When the sequel picks up four years later, Michael is still having sweat nightmares about the Bodyguard of the Year Awards (the Oscars of kevlar) and seeing a therapist who’s very sick of his whining; she orders him to take a sabbatical from work and the weapons it requires, if only so that he’ll get the hell out of her office. It takes less than one scene to remember how ill-suited Reynolds is to the role of a nerdy headcase who can’t enjoy being hot and rich because he’s sad that he doesn’t have anyone to protect. Mildly amusing as it can be to watch Jackson emasculate him from 100 minutes on end, Reynolds needs a degree of cockiness to backstop his signature sarcasm, and so much of what his character does here feels like watching him strain for some muddled compromise between an assassin and an actuary.
Of course, when a comic actor like Reynolds is cast as the straight man, his co-stars have to go to great extremes if they want to function as proper foils. To borrow some dated internet parlance that’s already been sucked dry of its coolness by corporate Twitter accounts: Salma Hayek definitely understood the assignment. Reprising her wacky role as Darius’ devoted wife and ratcheting things way the hell up now that she doesn’t have to spend the whole movie locked in a cell at The Hague, Hayek plays Sonia Kincaid as a foul-mouthed sociopath with an itchy trigger-finger and a maternal drive even bigger than her breasts (which serve as their own plot point, several times over).
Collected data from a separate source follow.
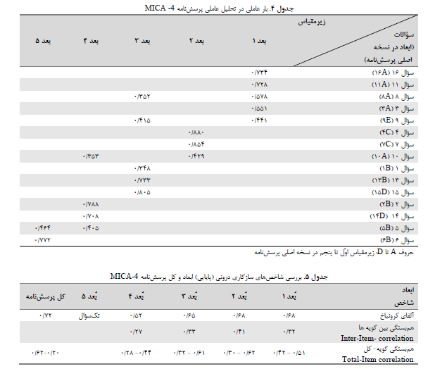 پرسشنامه MICA-4 از این جنبه که میتواند طیفهای مختلف عاملان سلامت را ارزیابی و زمینه مقایسه گروههای متفاوت را فراهم کند، از اهمیت ویژهای برخورد است. مطالعه حاضر بهعلت استفاده از تحلیل عامل اکتشافی میتواند دیدگاهی متفاوت از ساختار توصیهشده نسخه اصلی ارائه دهد و همانطور که در مطالعه فرناندس (Fernandes) ذکر شده است، آغازی برای بررسی بیشتر و تحلیل این پرسشنامه باشد (29). گروهبندی سؤالات این پرسشنامه در زیرمقیاسهای متفاوت در مطالعات و جمعیتهای مختلف میتواند نشاندهندۀ جنبههای متفاوتی از درک سؤالات توسط جمعیتها باشد.
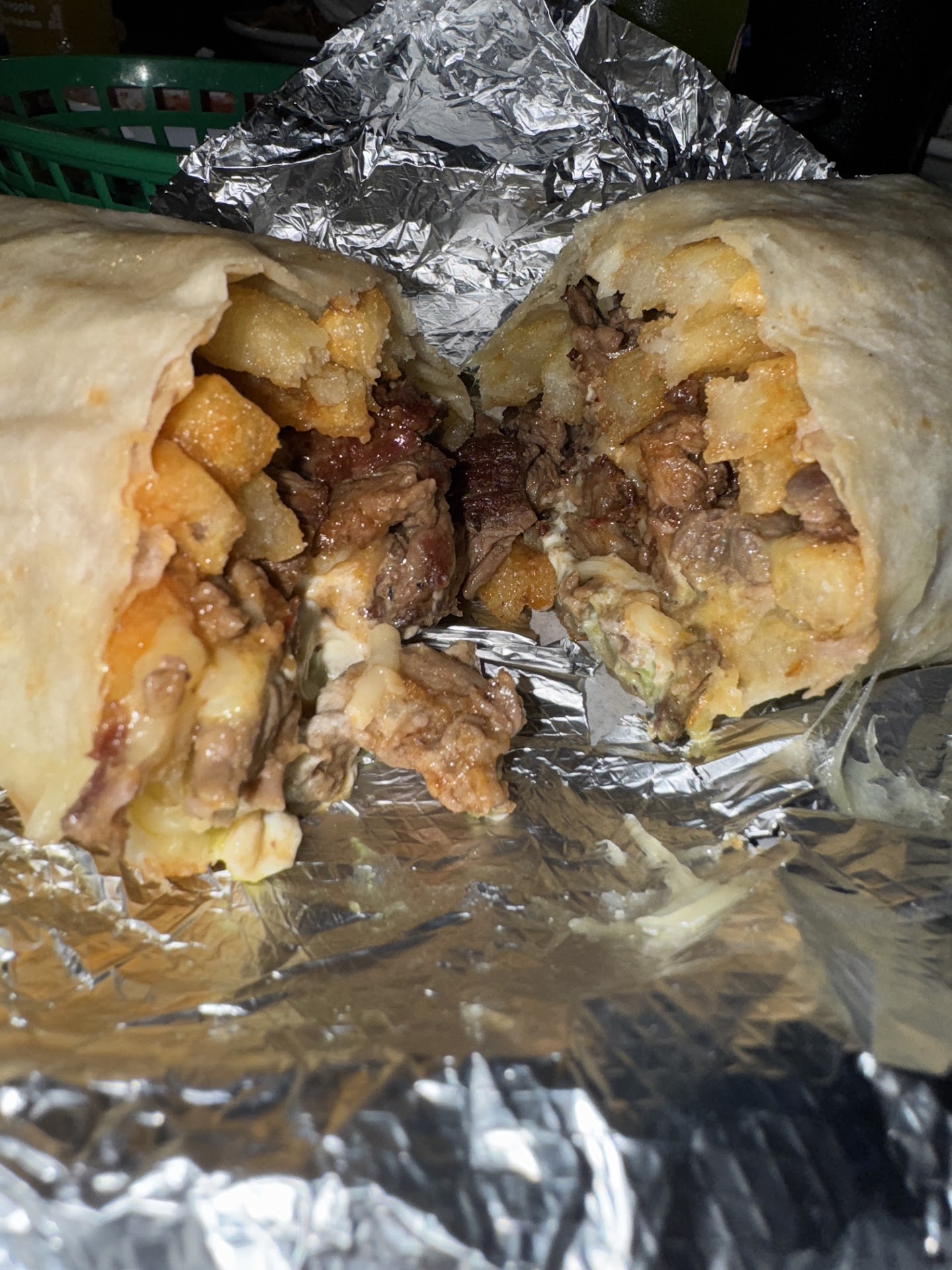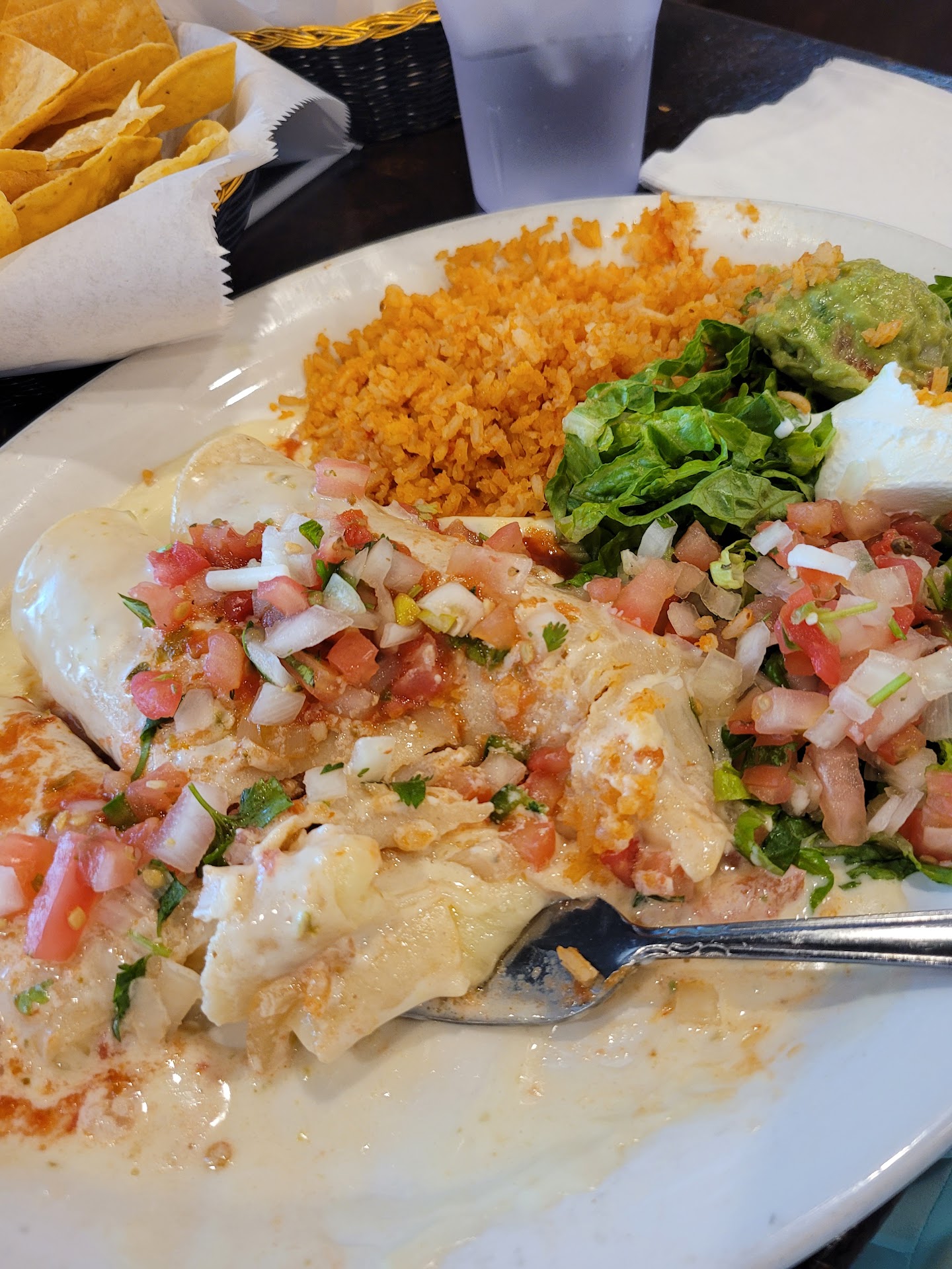 When we got home, the 2 chimichangas we ordered were mislabeled so we ended up eating each others meals. We also had asked for no beans and gauc, but both plates were swimming in them.
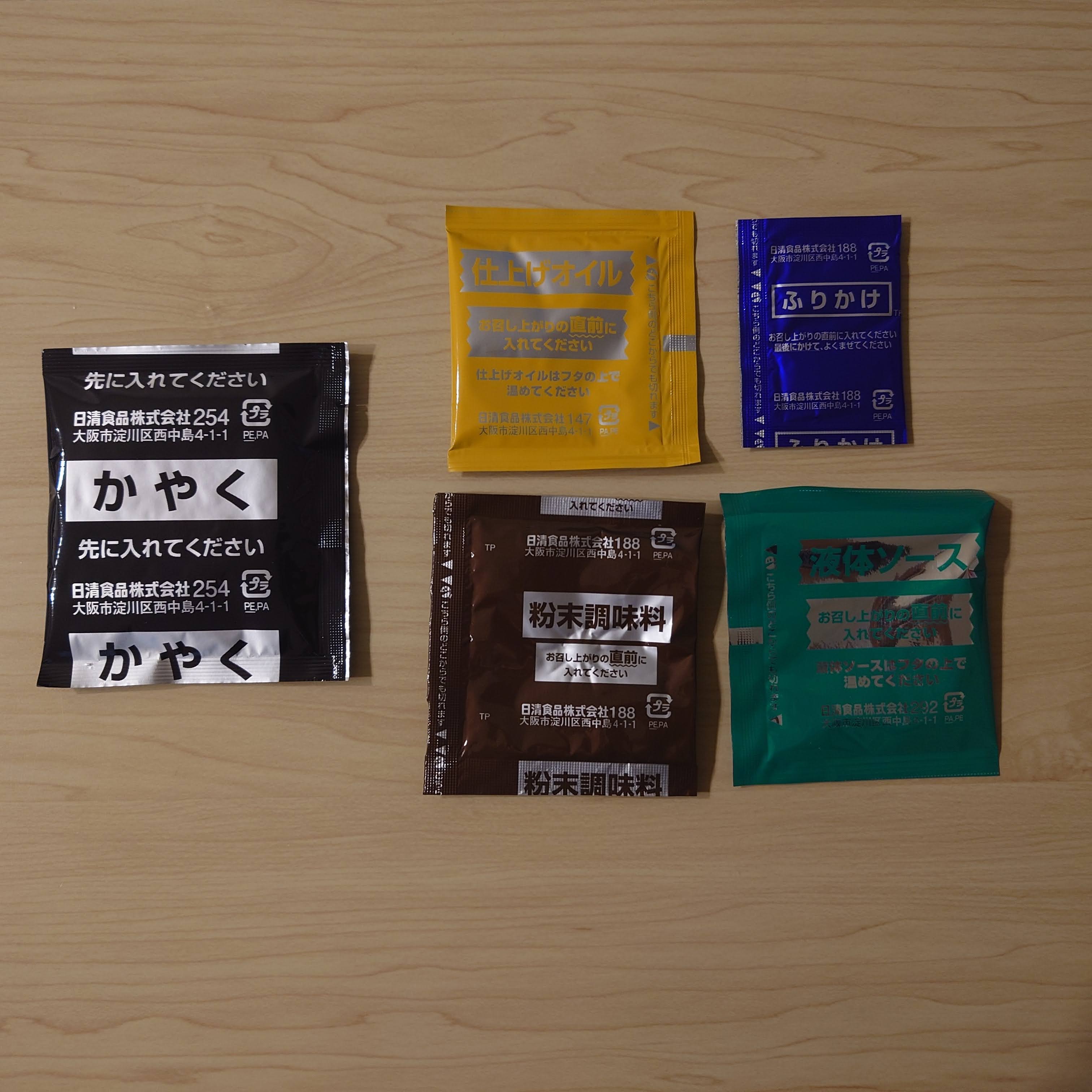 스프가 5개나 들어있다! 조미김이나 챠슈 등의 특수재료가 있는 컵라면인 경우에 3~4개 들어있는 경우가 있는데, 역시 완전메시 시리즈. 이건 뭐부터 넣어야 할 지 모르겠다.

It’s nothing she hasn’t done before, but her performance is over the top in a way that helps lift the entire movie toward the heightened reality of its cartoon world — especially valuable in a film that’s shot with all the style of a “Burn Notice” episode, even if its plethora of Italian locations lend it the sense of place that modern blockbusters tend to lose underneath a layer of CGI muck. There simply isn’t anyone else on Earth who can deliver a line like “I’m gonna put on a strap-on and fuck your dreams until they become nightmares” with such effortless grace, and Hayek leans into the ridiculousness of it all with the same energy. It’s almost touching to watch the 54-year-old actress own her sexuality so completely that Sonia’s age is only referenced in terms of her fertility, and even more so to see her ground this ridiculous movie in certain biological realities without ever capitulating to them.
At the very least, Sonia’s desire for a child is easier to believe than Michael’s desire for a father, as the generally fleet-footed “Hitman’s Wife’s Bodyguard” slams to a halt when the daddy issues take hold (if you don’t already know who plays Bryce Sr., you’re in for a big surprise). Other detours fall similarly flat — Frank Grillo is wasted as an American Interpol agent who’s inexplicably desperate to be reassigned to Boston — but the film is held together by the centrifugal force of watching its famous cast bounce around Europe and shoot anyone who gets in their way.
Terrible green screen, globs of digital blood, and record-scratch sound effects in place of actual jokes are only potholes along the road for a summer movie that knows what it is, and is slightly less afraid to embrace that than its previous iteration was. If “what it is” would be unsatisfying in a more creative era of popcorn cinema, well, not even the finest bodyguard in the world can protect us from the threat of mediocrity.